◆ WHAT IS REQUIRED
Where the material below has a line containing "как выглядит Adidas", start repeating exactly, and keep going through the line containing "玄関に洗面を設置すると、帰ってきてすぐ手洗い、うがいができて衛生的です。", with no other lines.

(RECORD EXTRACTS)

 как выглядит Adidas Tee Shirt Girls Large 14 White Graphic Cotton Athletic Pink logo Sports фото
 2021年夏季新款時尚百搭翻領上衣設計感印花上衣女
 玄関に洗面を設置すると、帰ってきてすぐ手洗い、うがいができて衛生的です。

(End RECORD EXTRACTS)
(RECORD EXTRACTS)

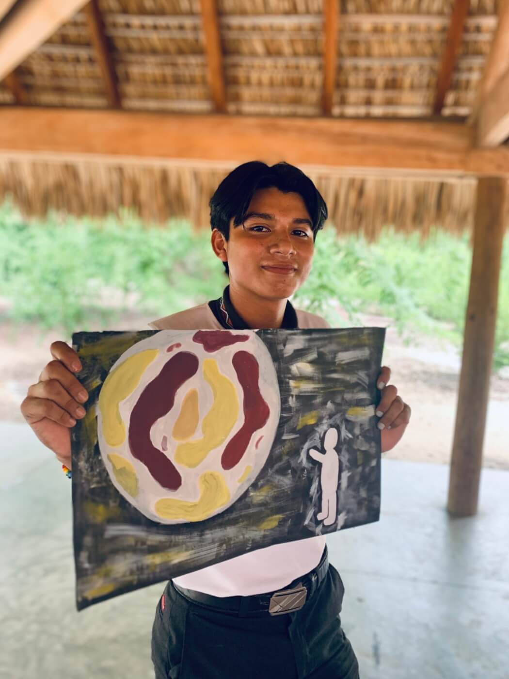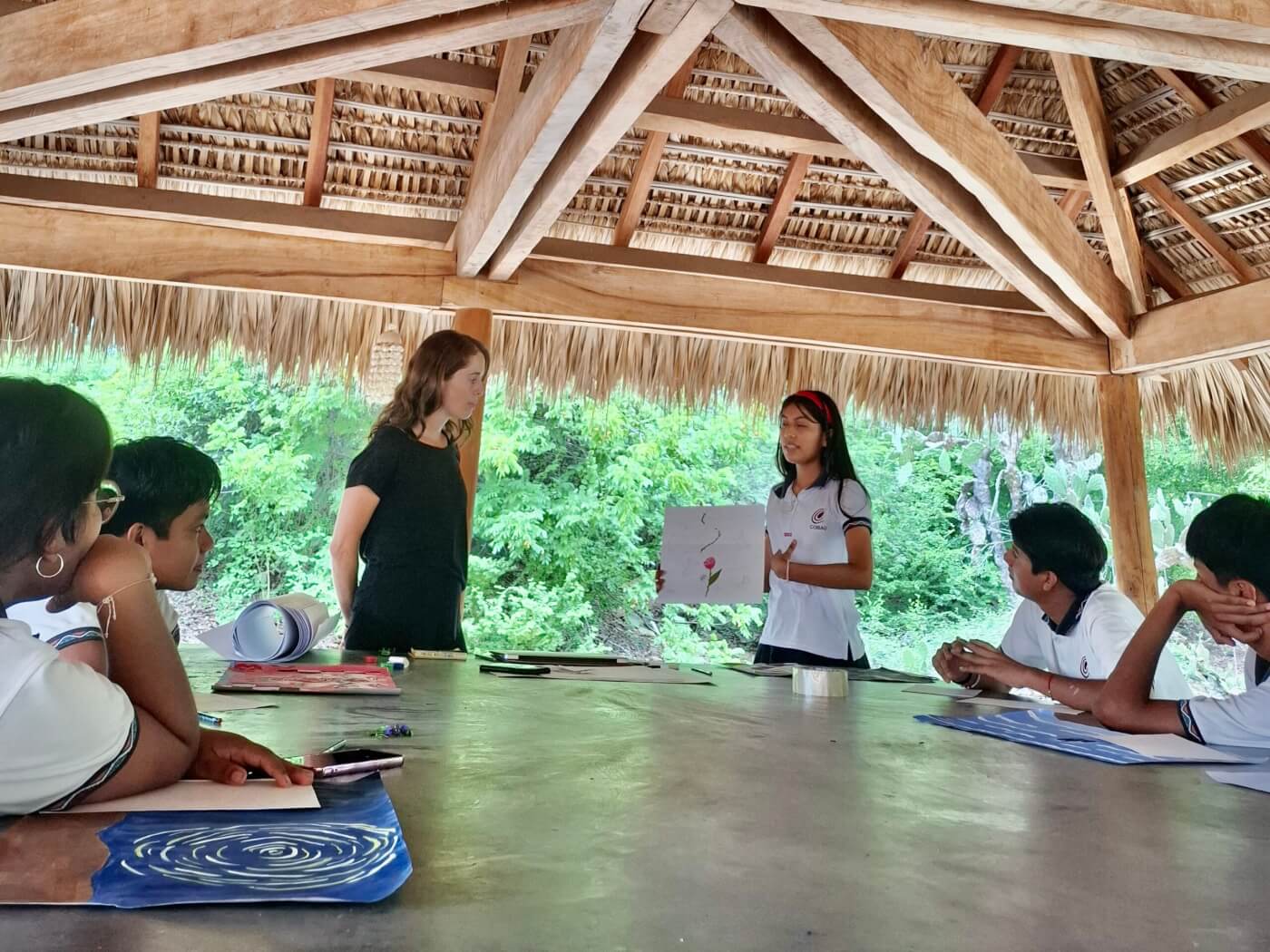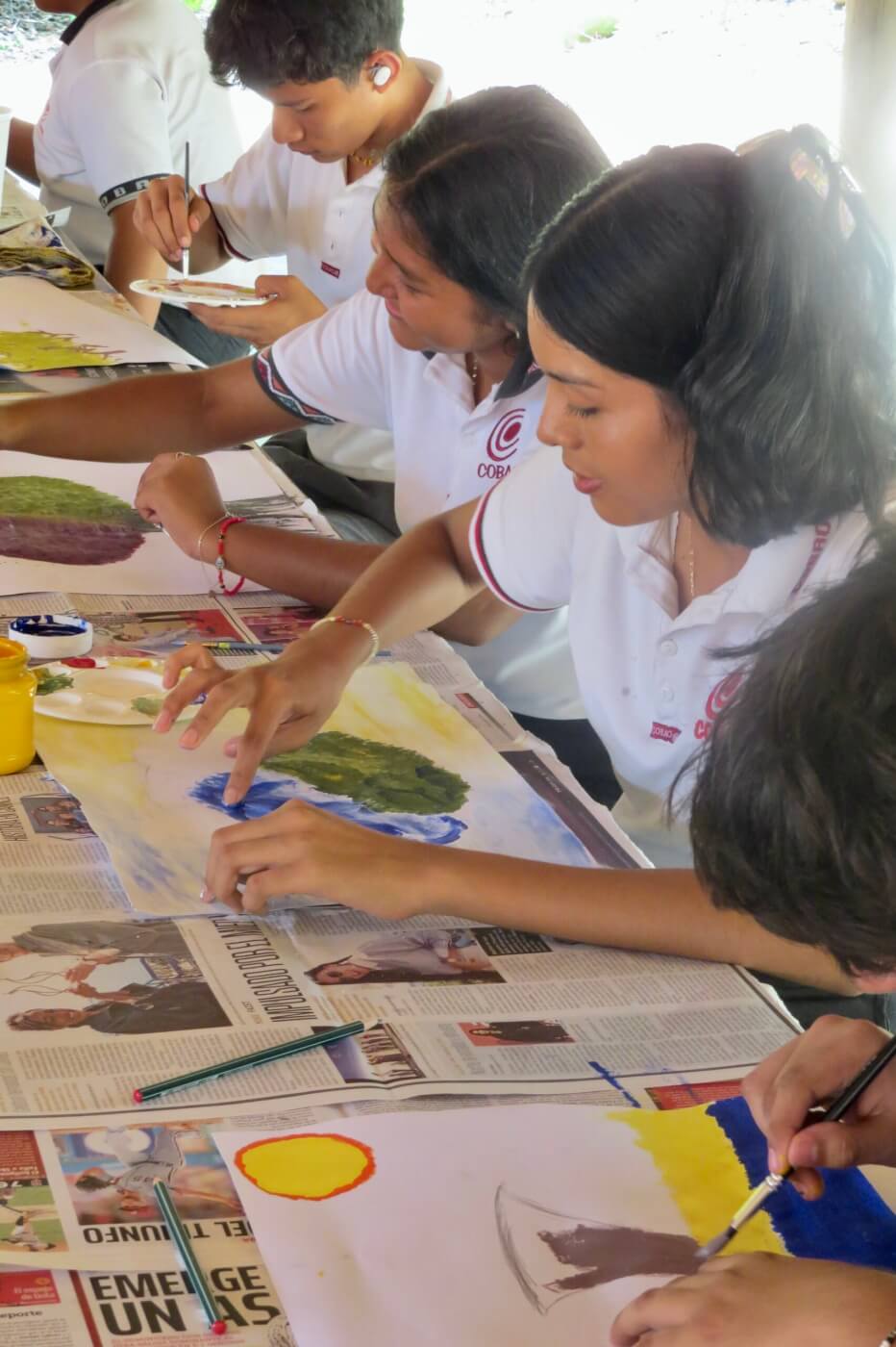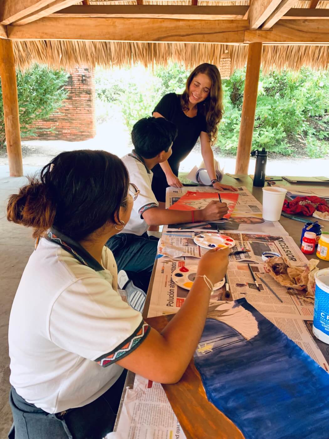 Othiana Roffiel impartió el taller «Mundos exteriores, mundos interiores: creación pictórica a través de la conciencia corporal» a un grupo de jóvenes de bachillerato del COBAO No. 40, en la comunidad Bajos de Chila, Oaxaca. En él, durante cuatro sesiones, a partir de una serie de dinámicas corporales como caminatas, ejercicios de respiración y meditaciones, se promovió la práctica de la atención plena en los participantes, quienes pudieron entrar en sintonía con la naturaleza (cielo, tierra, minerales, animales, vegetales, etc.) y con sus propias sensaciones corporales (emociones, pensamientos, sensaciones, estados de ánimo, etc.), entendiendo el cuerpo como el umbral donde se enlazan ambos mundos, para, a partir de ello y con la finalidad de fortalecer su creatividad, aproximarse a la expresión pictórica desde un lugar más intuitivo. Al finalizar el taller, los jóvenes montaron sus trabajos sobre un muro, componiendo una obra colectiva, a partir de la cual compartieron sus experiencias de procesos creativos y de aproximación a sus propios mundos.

(End RECORD EXTRACTS)
(RECORD EXTRACTS)

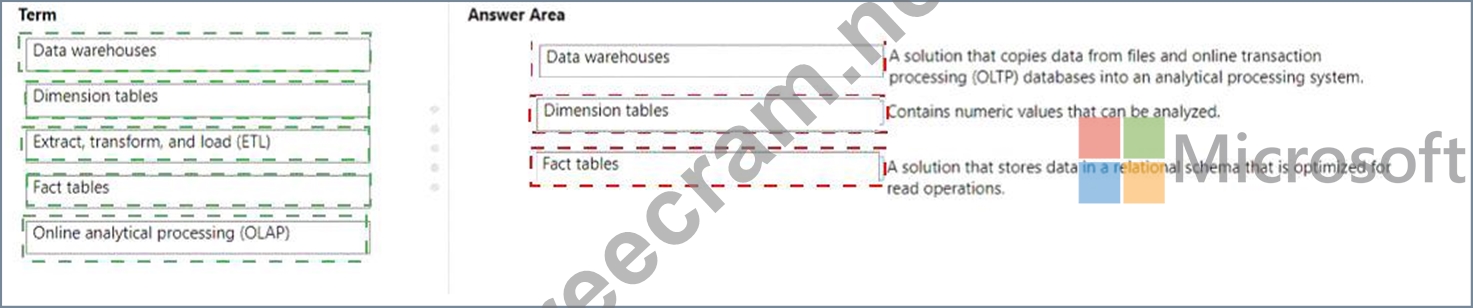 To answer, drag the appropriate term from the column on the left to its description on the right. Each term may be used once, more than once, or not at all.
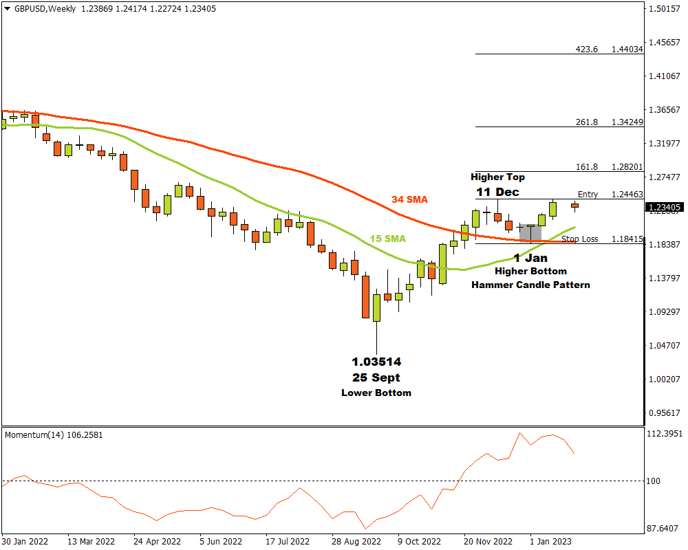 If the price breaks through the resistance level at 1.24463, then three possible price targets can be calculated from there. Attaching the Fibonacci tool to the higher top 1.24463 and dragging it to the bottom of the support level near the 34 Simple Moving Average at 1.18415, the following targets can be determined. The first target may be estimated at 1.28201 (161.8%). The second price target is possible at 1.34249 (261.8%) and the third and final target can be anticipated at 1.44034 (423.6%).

(End RECORD EXTRACTS)

◆ WRITTEN ANSWER
 как выглядит Adidas Tee Shirt Girls Large 14 White Graphic Cotton Athletic Pink logo Sports фото
 2021年夏季新款時尚百搭翻領上衣設計感印花上衣女
 玄関に洗面を設置すると、帰ってきてすぐ手洗い、うがいができて衛生的です。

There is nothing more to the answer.